Task directions: From the first line to the last, give the material again exactly, without the images.

Record extracts:
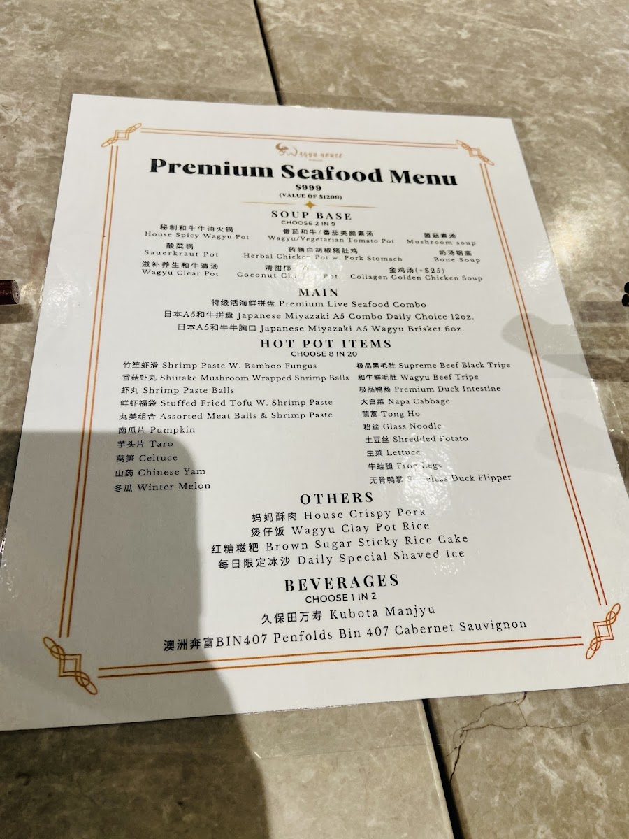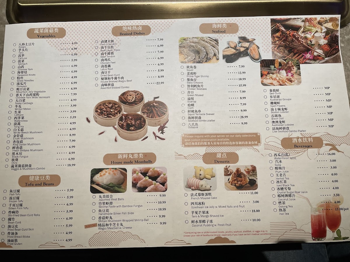 The restaurant specializes in premium hot pot, featuring an impressive selection of high-quality meats, including A5 Wagyu and imported Japanese Wagyu. Customers rave about the Chef’s Tasting for Two, which highlights the restaurant’s commitment to quality and flavor. The Golden Chicken Soup is a standout; its rich, savory profile beautifully balances the kick of spicy broth, allowing a symphony of flavors to dance on your palate. Whether you’re diving into the delightful Wagyu Beef Tripe or savoring the Black Fungus and House Signature Ham, every dish is crafted with precision and care.
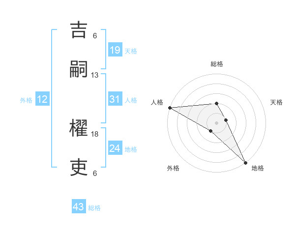 吉嗣 櫂吏さんを姓名の画数から五運を鑑定
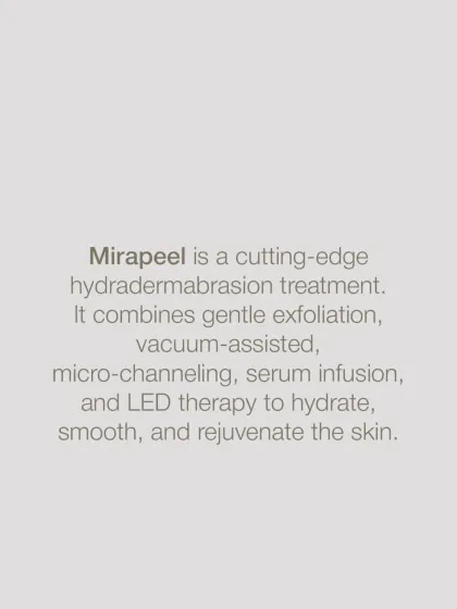 MiraPeel is an advanced hydradermabrasion system that combines gentle exfoliation, serum infusion, and microcurrent technology. It is a non-invasive treatment designed to improve skin texture, combat fine lines, and treat pigmentation with minimal downtime.
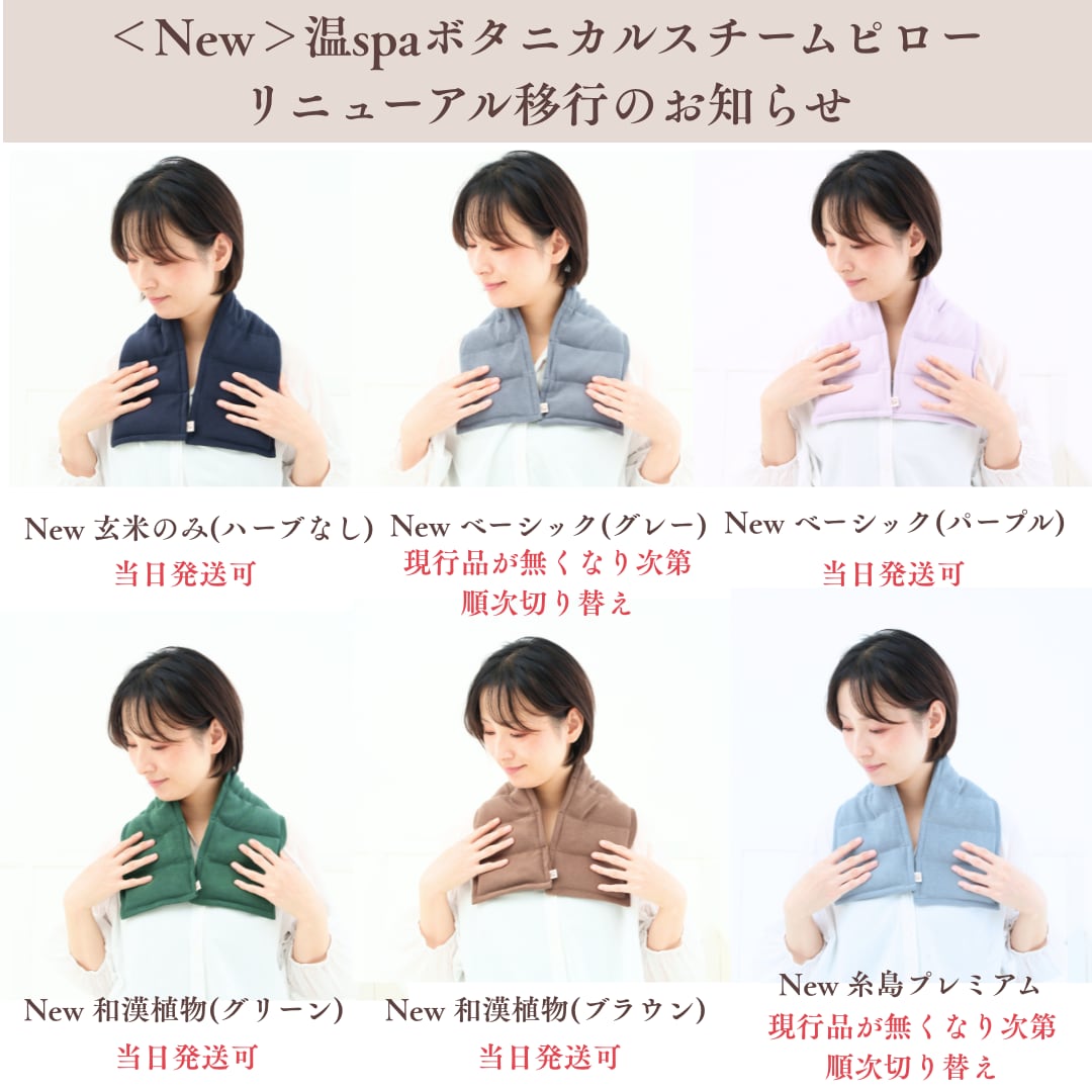 <カラバリも増えてリニューアル>ロングセラーのからだ温め用のボタニカルスチームピローが香り&カラー共に選べるようになりました。
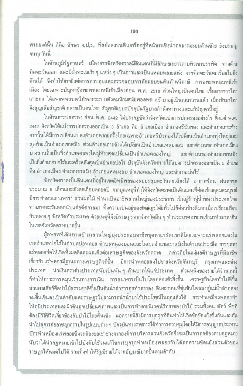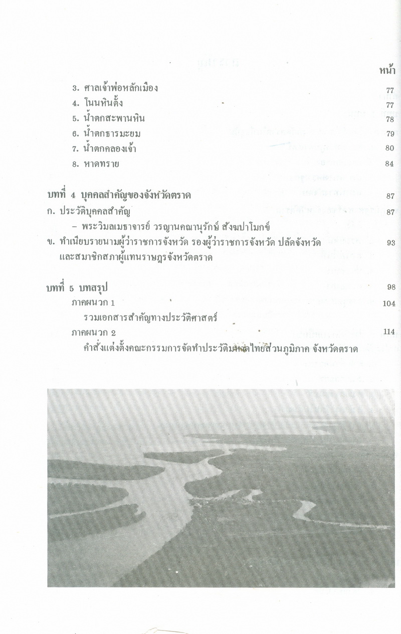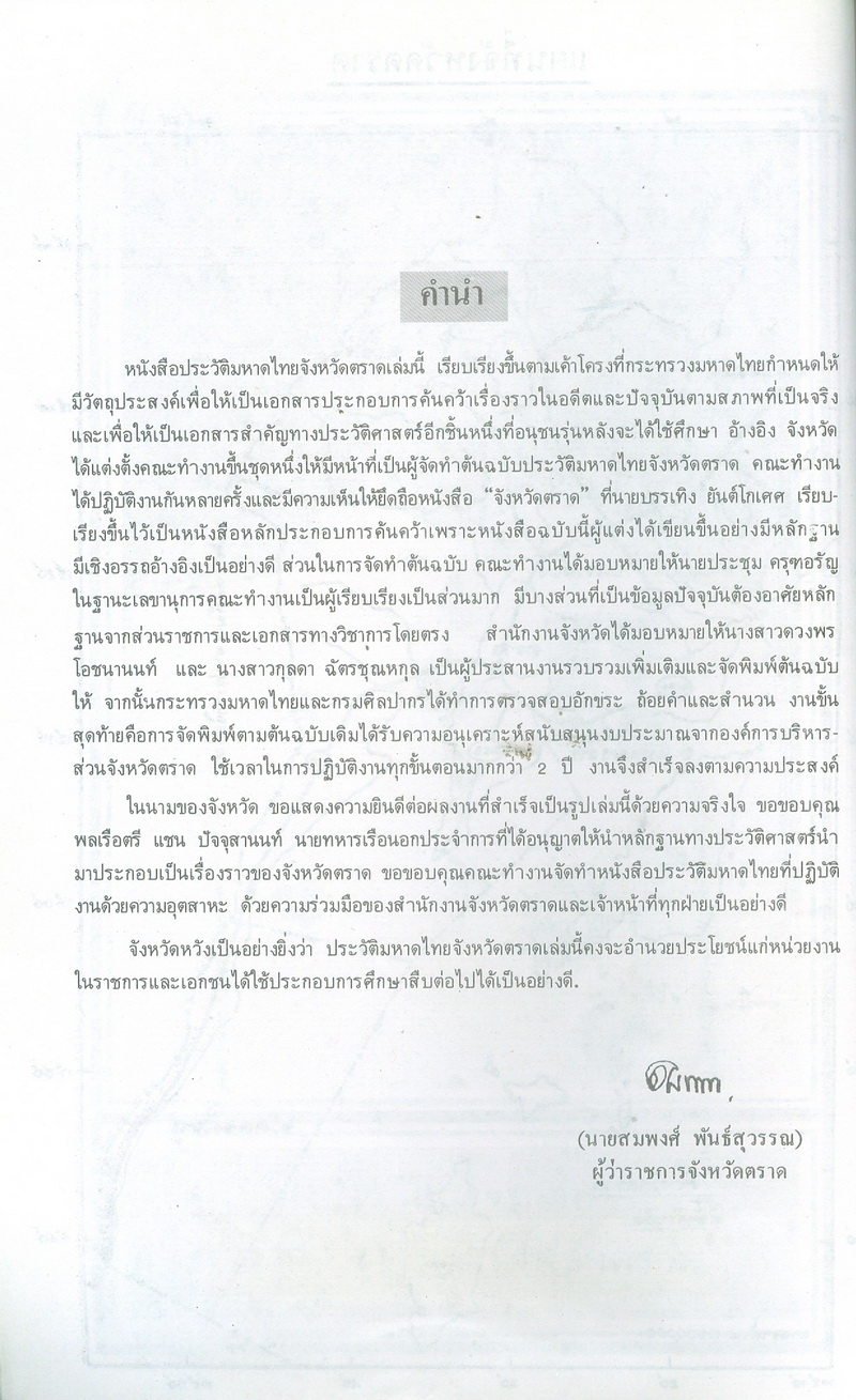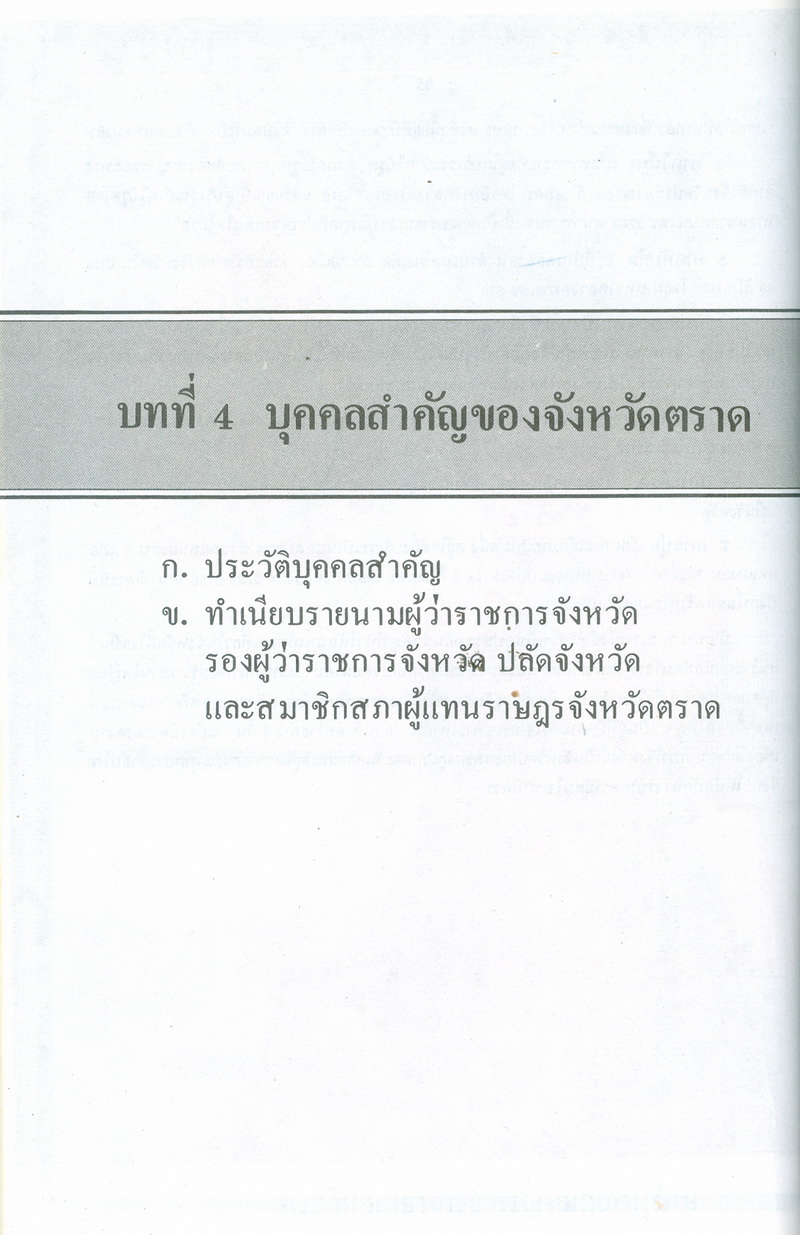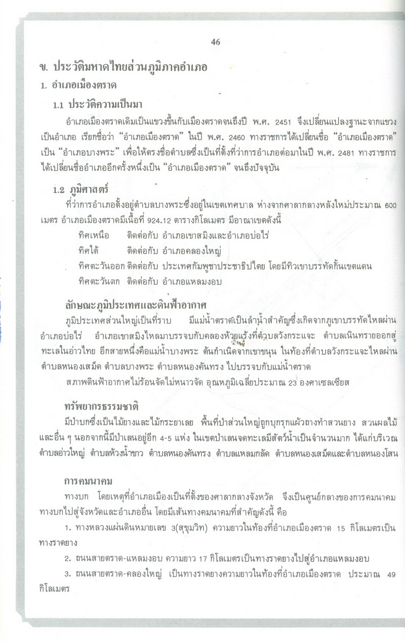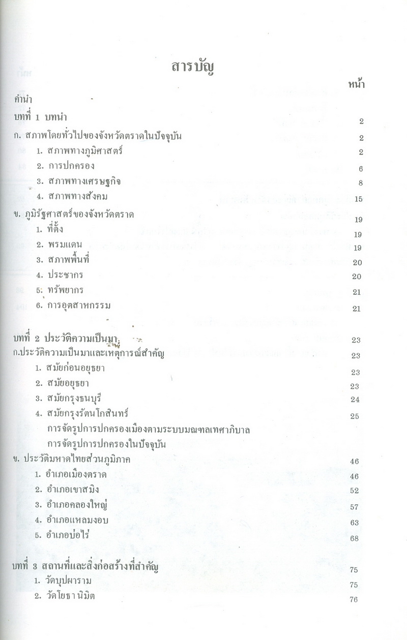 - หนังสือแนะนำเรื่องราวในอดีตและปัจจุบันของจังหวัดตราดตามเค้าโครงที่กระทรวงมหาดไทยได้กำหนด ซึ่งได้แก่ สภาพโดยทั่วไปของจังหวัดตราด ภูมิรัฐศาสตร์ของจังหวัดตราด ประวัติความเป็นมาในสมัยต่างๆ ประวัติมหาดไทยส่วนภูมิภาคในอำเภอต่างๆ สถานที่และสิ่งก่อสร้างที่สำคัญ และบุคคลสำคัญของจังหวัดตราด
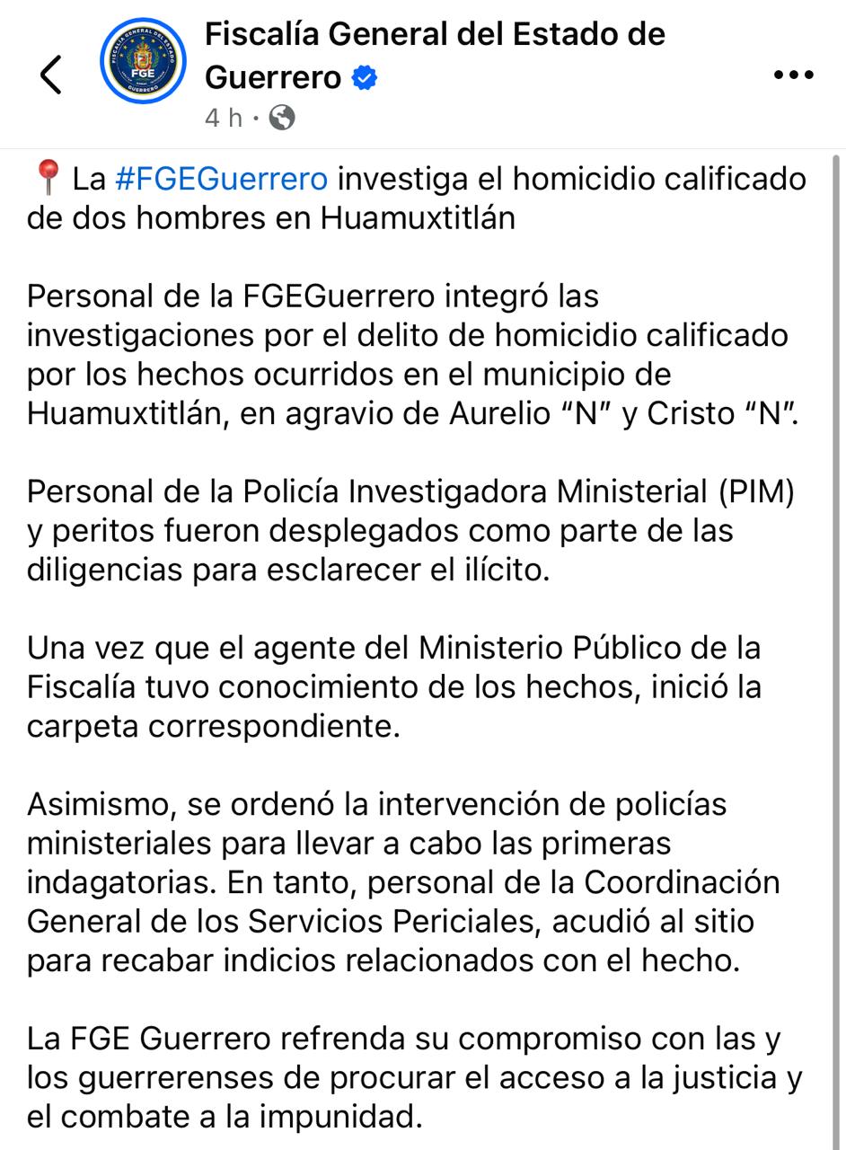 La fiscalía del Estado de Guerrero investiga el homicidio de ambos. En un comunicado emitido aseguró que personal de la Policía Investigadora Ministerial y que peritos ya fueron desplegados para esclarecer el delito.

Task solution:
 The restaurant specializes in premium hot pot, featuring an impressive selection of high-quality meats, including A5 Wagyu and imported Japanese Wagyu. Customers rave about the Chef’s Tasting for Two, which highlights the restaurant’s commitment to quality and flavor. The Golden Chicken Soup is a standout; its rich, savory profile beautifully balances the kick of spicy broth, allowing a symphony of flavors to dance on your palate. Whether you’re diving into the delightful Wagyu Beef Tripe or savoring the Black Fungus and House Signature Ham, every dish is crafted with precision and care.
 吉嗣 櫂吏さんを姓名の画数から五運を鑑定
 MiraPeel is an advanced hydradermabrasion system that combines gentle exfoliation, serum infusion, and microcurrent technology. It is a non-invasive treatment designed to improve skin texture, combat fine lines, and treat pigmentation with minimal downtime.
 <カラバリも増えてリニューアル>ロングセラーのからだ温め用のボタニカルスチームピローが香り&カラー共に選べるようになりました。
 - หนังสือแนะนำเรื่องราวในอดีตและปัจจุบันของจังหวัดตราดตามเค้าโครงที่กระทรวงมหาดไทยได้กำหนด ซึ่งได้แก่ สภาพโดยทั่วไปของจังหวัดตราด ภูมิรัฐศาสตร์ของจังหวัดตราด ประวัติความเป็นมาในสมัยต่างๆ ประวัติมหาดไทยส่วนภูมิภาคในอำเภอต่างๆ สถานที่และสิ่งก่อสร้างที่สำคัญ และบุคคลสำคัญของจังหวัดตราด
 La fiscalía del Estado de Guerrero investiga el homicidio de ambos. En un comunicado emitido aseguró que personal de la Policía Investigadora Ministerial y que peritos ya fueron desplegados para esclarecer el delito.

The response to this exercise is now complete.